Die Lösung: Kurzfristige Entlastung, mittelfristige therapeutische Unterstützung
Wenn sich schon die Bundesregierung von höchster Stelle an eine Lösung macht, dann bitte richtig: Pflegende Kinder und Jugendliche brauchen letztendlich keine Webseite. Sie brauchen drei Dinge:
- Kurzfristig: Sofortige Entlastung im Alltag. Es müsste eine einzige deutschlandweite Nummer geben, die flächendeckend beworben wird und bei der Young Carers anrufen oder sich per WhatsApp melden können. Sobald das geschieht, müsste das Sozialsystem dafür sorgen, dass ein Mitarbeiter eines nahegelegenen Trägers der Familienhilfe zu der Familie fährt und die Situation analysiert. Sämtliche Hilfemöglichkeiten sollten beantragt und die Anträge mit einem gesonderten Verfahren für höchste Dringlichkeit durchgeführt werden. Weitere Wege, um Young Carers, die sich nicht bei der Notrufnummer melden, zu identifizieren, sollten entwickelt werden – im Rahmen des Entlassungsmanagements, der häuslichen Pflege, der therapeutischen Begleitung Schwerkranker.

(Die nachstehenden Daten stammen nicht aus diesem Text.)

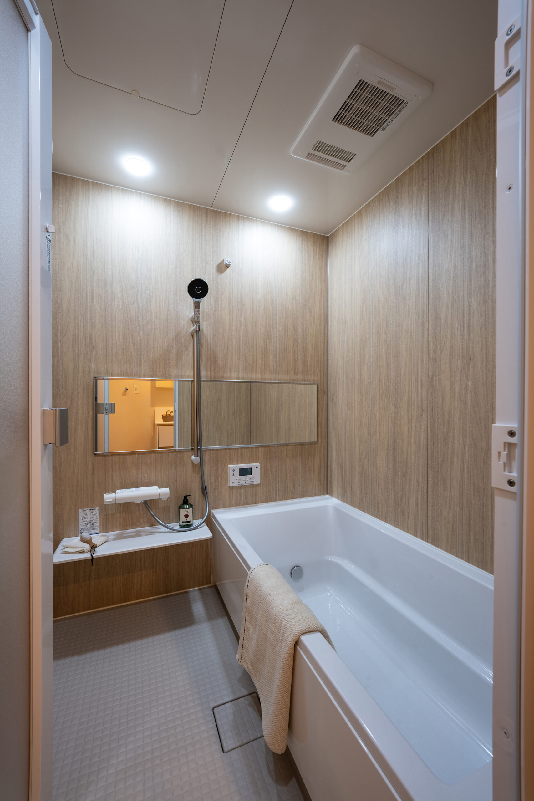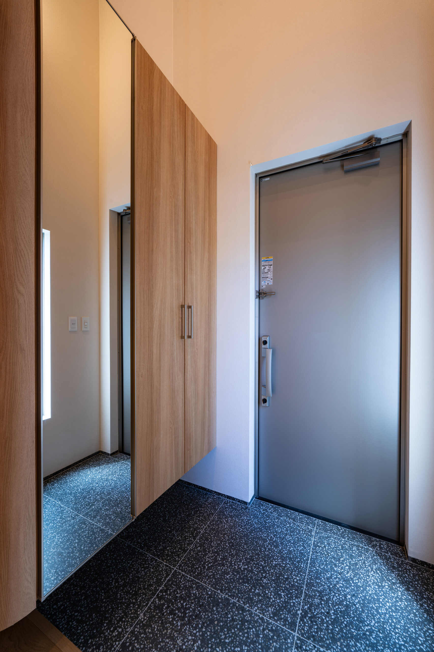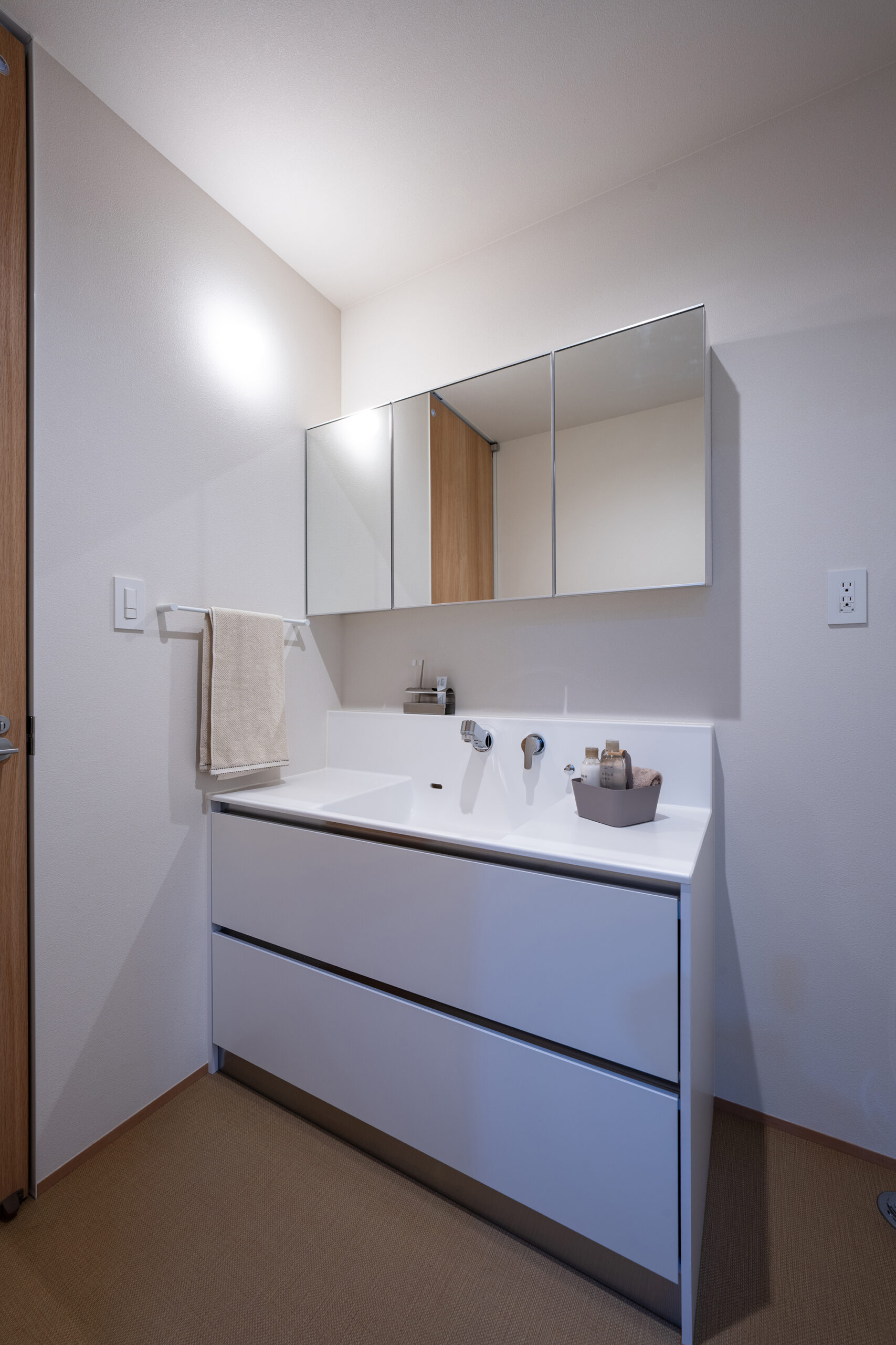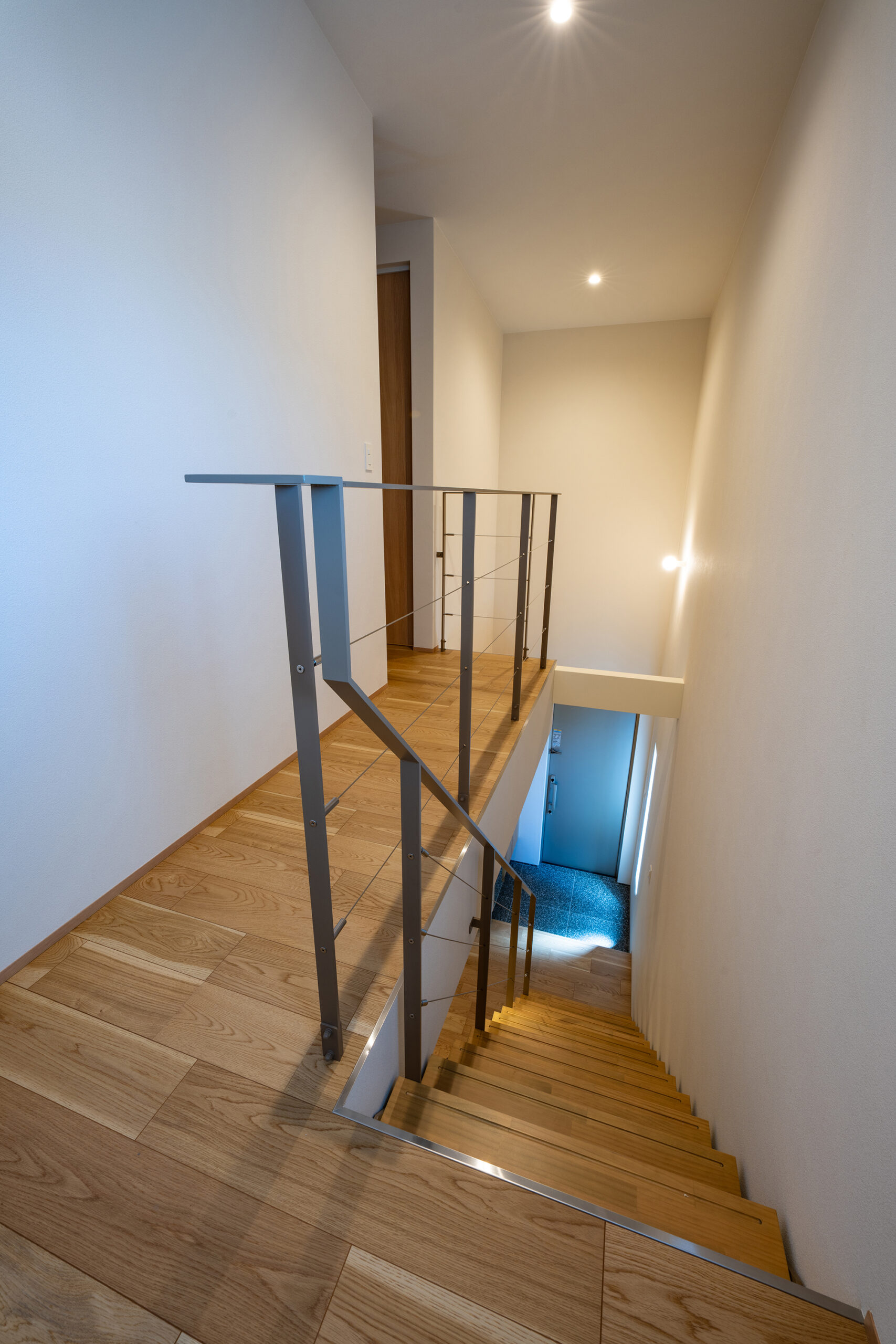 室内は生活に馴染みやすい、温かいオーク柄をベースデザインに、開放的で空間に広がりを感じさせる玄関の吹き抜けや生活感が出るエアコンや家電製品を隠しながらも、機能的に使うことができるよう設計。

- Mittelfristig benötigen Young Carers therapeutische Unterstützung, um ihre Situation und Erfahrungen zu verarbeiten. Diese können die Jugendlichen erst wahrnehmen, wenn sie im Alltag entlastet sind und das Haus verlassen können, ohne sich sorgen um ihren erkrankten Elternteil machen zu müssen. Auch brauchen sie Zuspruch, um sich überhaupt zu trauen und die Zeit zu nehmen, zur Therapie oder Selbsthilfegruppe zu gehen. Denn sie haben gelernt, ihre eigenen Bedürfnisse in den Hintergrund zu stellen, und erlauben sich oft keine vermeintlich „selbstsüchtigen“ Auszeiten. Meist benötigen die Jugendlichen mittelfristig auch sozialpädagogische Unterstützung beim Übergang von der Schule in den Beruf, da sie diese Unterstützung nicht von den Eltern bekommen. Es besteht die Gefahr, dass sie nahtlos zu Young Adult Carers werden und, wenn die Eltern irgendwann versterben, ohne Ausbildung und Lebensinhalt zurückbleiben.
- Langfristig braucht es gesetzliche Regelungen, die ganz deutlich festlegen, dass es einem Minderjährigen nicht zuzumuten ist, seine Eltern zu pflegen oder den Haushalt zu führen oder Geschwister zu erziehen, weil die Eltern zu krank dafür sind. Dies sollte an konkreten Kriterien festgemacht und messbar gemacht werden (Dauer des täglichen Einsatzes, Art der Tätigkeiten). Wenn die Kriterien erfüllt sind, sollte ein gesetzlicher Anspruch auf Hilfeleistungen bestehen. Es sollte dabei aber darauf geachtet und es auch so kommuniziert werden, dass die Hilfe wenn irgend möglich in der Familie stattfindet und weder die Kinder vom Jugendamt sofort aus der Familie geholt, noch die Eltern ohne weitere Prüfung in ein Pflegeheim oder Hospiz verlegt werden. Oft besteht ein dringender Wunsch aller Beteiligten, es gemeinsam zu Hause zu schaffen – und eine große Angst, auseinandergerissen zu werden. Auch das ist ein Grund, aus dem das Problem der Young Carers so lange unsichtbar geblieben ist. Dieser Angst muss professionell begegnet werden – und Webseiten allein, die bei genauerem Hinsehen nichts weiter tun als bestehende Kummernummern und Links zu Medienberichten über Betroffene aufzulisten, werden daran nichts ändern.